**Goal of the exercise:**
Only the lines below starting at the one that contains "- 白と灰色のツートンカラーの建物" and ending at the one that contains "60年前的太平島究竟是怎麼樣" are to be reproduced, exactly and with both ends kept.

**Input for this task:**

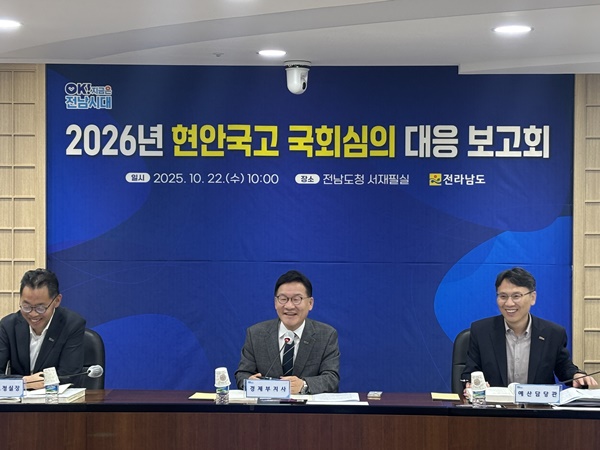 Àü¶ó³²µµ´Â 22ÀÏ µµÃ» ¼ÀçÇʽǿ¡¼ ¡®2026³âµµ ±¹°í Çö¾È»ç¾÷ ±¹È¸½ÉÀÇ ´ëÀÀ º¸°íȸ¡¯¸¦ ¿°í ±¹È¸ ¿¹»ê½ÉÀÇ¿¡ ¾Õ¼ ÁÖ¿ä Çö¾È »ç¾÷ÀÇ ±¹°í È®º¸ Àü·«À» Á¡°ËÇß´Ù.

---

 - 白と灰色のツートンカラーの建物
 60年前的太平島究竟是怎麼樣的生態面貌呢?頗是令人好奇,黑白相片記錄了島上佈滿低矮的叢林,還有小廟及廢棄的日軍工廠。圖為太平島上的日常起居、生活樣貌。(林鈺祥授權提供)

---

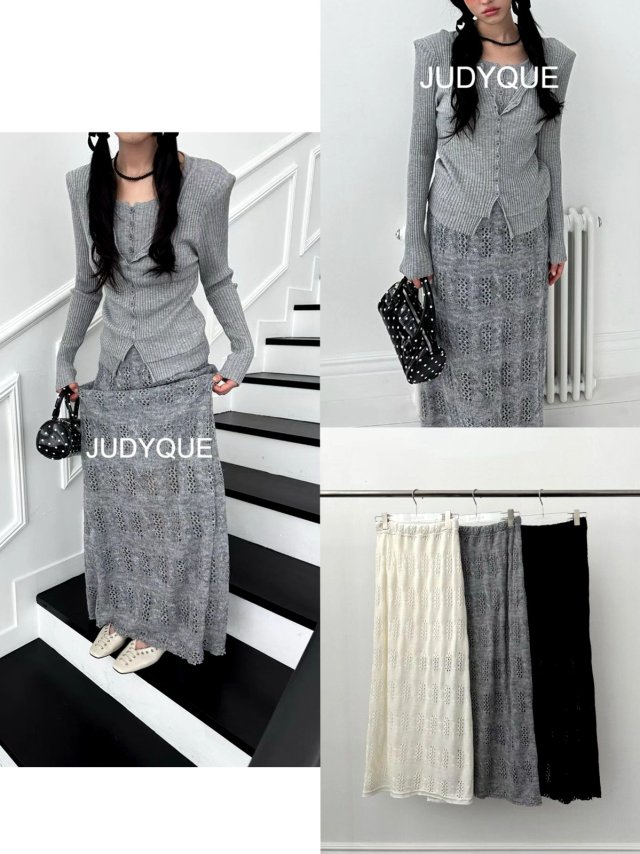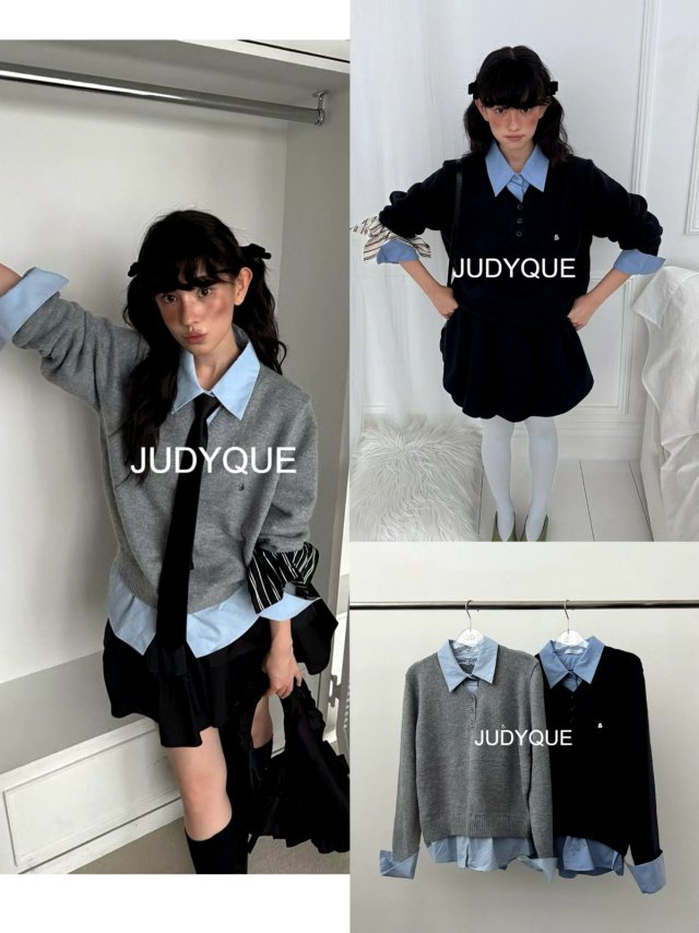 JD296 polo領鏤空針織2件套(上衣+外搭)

**Written reply:**
 - 白と灰色のツートンカラーの建物
 60年前的太平島究竟是怎麼樣的生態面貌呢?頗是令人好奇,黑白相片記錄了島上佈滿低矮的叢林,還有小廟及廢棄的日軍工廠。圖為太平島上的日常起居、生活樣貌。(林鈺祥授權提供)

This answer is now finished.